The change of state that occurs during evaporative cooling (from a liquid to a vapor) requires the removal of 970 BTUs per pound of water.
Evaporative cooling is a very powerful source of heat transfer.
I am not taking this course so I don't know which are specifically looking at (and probably neither do you). We need more information.
Surface tension of the water (barometric pressure) and the wetbulb temperature determine the specific rate of latent heat transfer through evaporation. 100% Rh and no evaporation takes place.
I don't know the answer. I'm just asking if you are sure.
If you can detect evaporative cooling at the surface, than it will affect the temperature of the body of water. Infrared thermal imagers can detect very low temperature differentials.

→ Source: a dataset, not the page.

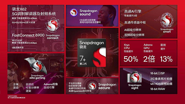 就在今天下午高通發(fā)布了全新的第二代驍龍7+移動平臺,高通稱這款芯片為,“驍龍史上最強7系平臺”,采用臺積電4nm工藝,性能大幅提升,堪稱鎖頻版驍龍8+。

Besides evaporative cooling, water changes temperature at a different rate than the ambient air. It is nearly impossible to have "steady-state conditions" in building evaluation (this is one of the reasons that thermal imaging on buildings is one of the most complex applications for thermal imaging and should not be blown off as simple point and shoot photography).
Conditions are constantly changing and there is a lag factor for water which will cause it to show up when it is not under a steady-state condition.
Another consideration; conductivity is faster through water than through air.
Another consideration; "air film" is an insulating buffer around objects. Air is a good insulator and reduces heat transfer through convection and conduction.
When you guys try to evaluate a infrared thermal imaging scan, you need to ask yourself why things are as they seem and assess the conditions and factors that produce the conditions you are seeing. Should the object be hotter or colder? Why? The camera cannot collect all the information you need. You have to take into account other variables that require other test equipment or procedures (not taught in infrared training) to acquire the information necessary for an accurate assessment.
In reality, the thermal imaging camera is not even a thermometer, as everyone seems to use it as.